One of my favorite co-workers, Ben Klopfer, wrote a post back in October 2012 that has been one of our most popular and the comments keep coming in. In it, he espouses the new INDEX-MATCH functions that can be nested to vastly outperform VLOOKUP and HLOOKUP. VLOOKUP is my go to function. I tend to feel very comfortable with relational databases so I just think in two dimensional tables. I’ve found uses for HLOOKUP (which is basically VLOOKUP rotated ninety degrees), but I would truly lose a lot of utility out of Excel if VLOOKUP or a similar function didn’t exist, as it easily searches tables.
In Ben’s post, he addresses four limiting issues of VLOOKUP:
- Your data range is limited to a table. I’m okay with that for now; most of my lookups are in a tabular format.
- VLOOKUP always searches the left-most column. Yes, this is a pain.
- You can only specify return values by index number. Well, I am very familiar with VLOOKUP and can use it in my sleep. I’m okay with that.
- VLOOKUP provides a very limited approximate match feature (where data must be sorted low to high). Yes, I’ve run across this issue and just resorted my table. But yeah, I’m not fond of that workaround.
So Ben eloquently explains how INDEX-MATCH can be combined to address these four issues. One of my co-workers ran into an issue with #2 and I directed him to Ben’s post. Problem solved.
But when you get right down to it, if your data was in a tabular format, anyway, wouldn’t it be great if VLOOKUP could just look to the left? I mean your data’s right there! And that sorting issue Ben mentions in #4. Why didn’t Microsoft just decide to add one more parameter to allow you to specify the sort order?

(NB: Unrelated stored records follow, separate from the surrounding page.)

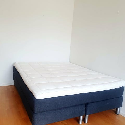 Jag har denna otroligt sköna kvalitetssäng (blå) från EMhome i Tenhult att sälja då den inte får plats i nya lägenheten. Se mer information på bild nr 4. ☀️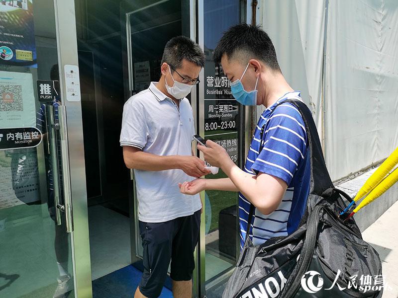 球馆工作人员为羽毛球爱好者测体温(人民网 赵欣悦摄)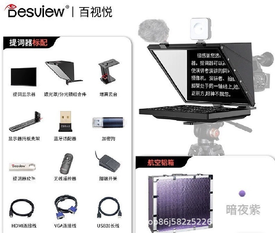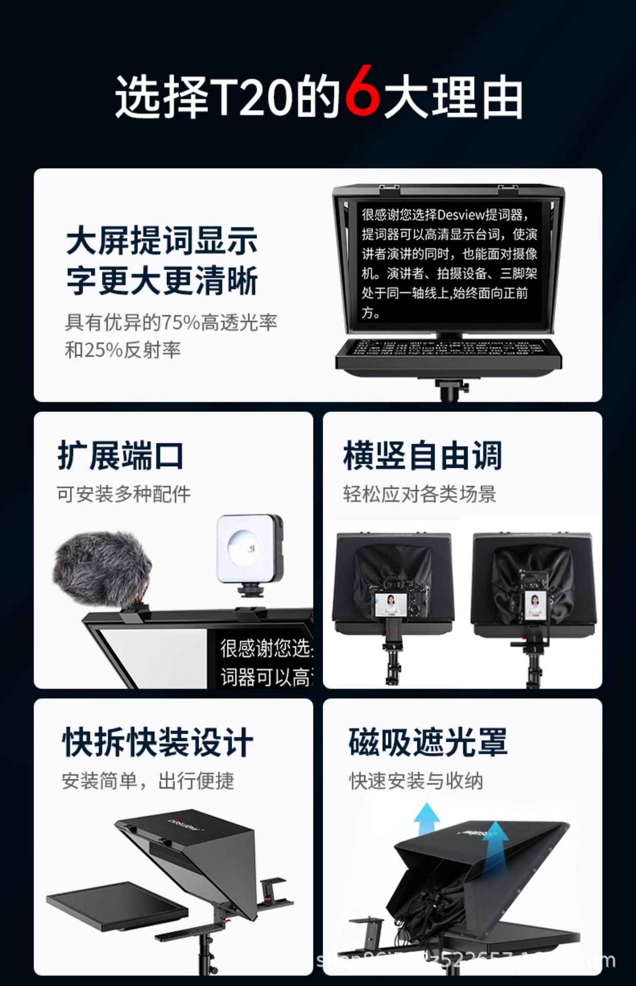 Телесуфлер Baisiyue T20 с большим экраном 20 дюймов, ультрачеткий, складной, для прямых трансляций, широкий угол, для камеры SLR, ТВ

I decided to do something for the little man (I’m not that little, so I guess that makes me magnanimous) and extend the function myself.
Imagine the following worksheet.
I have this spreadsheet divided in four quadrants, which is convenient because it’s my understanding they normally come in groups of four. For simplicity’s sake, let’s name the top left one Q1, the top right one Q2, the bottom left one Q3, and the bottom right one Q4.
Q1 contains a table of grades and the threshold to meet each one. It would appear that to make an A, you would need a 90 or above, a B requires an 80, and so on.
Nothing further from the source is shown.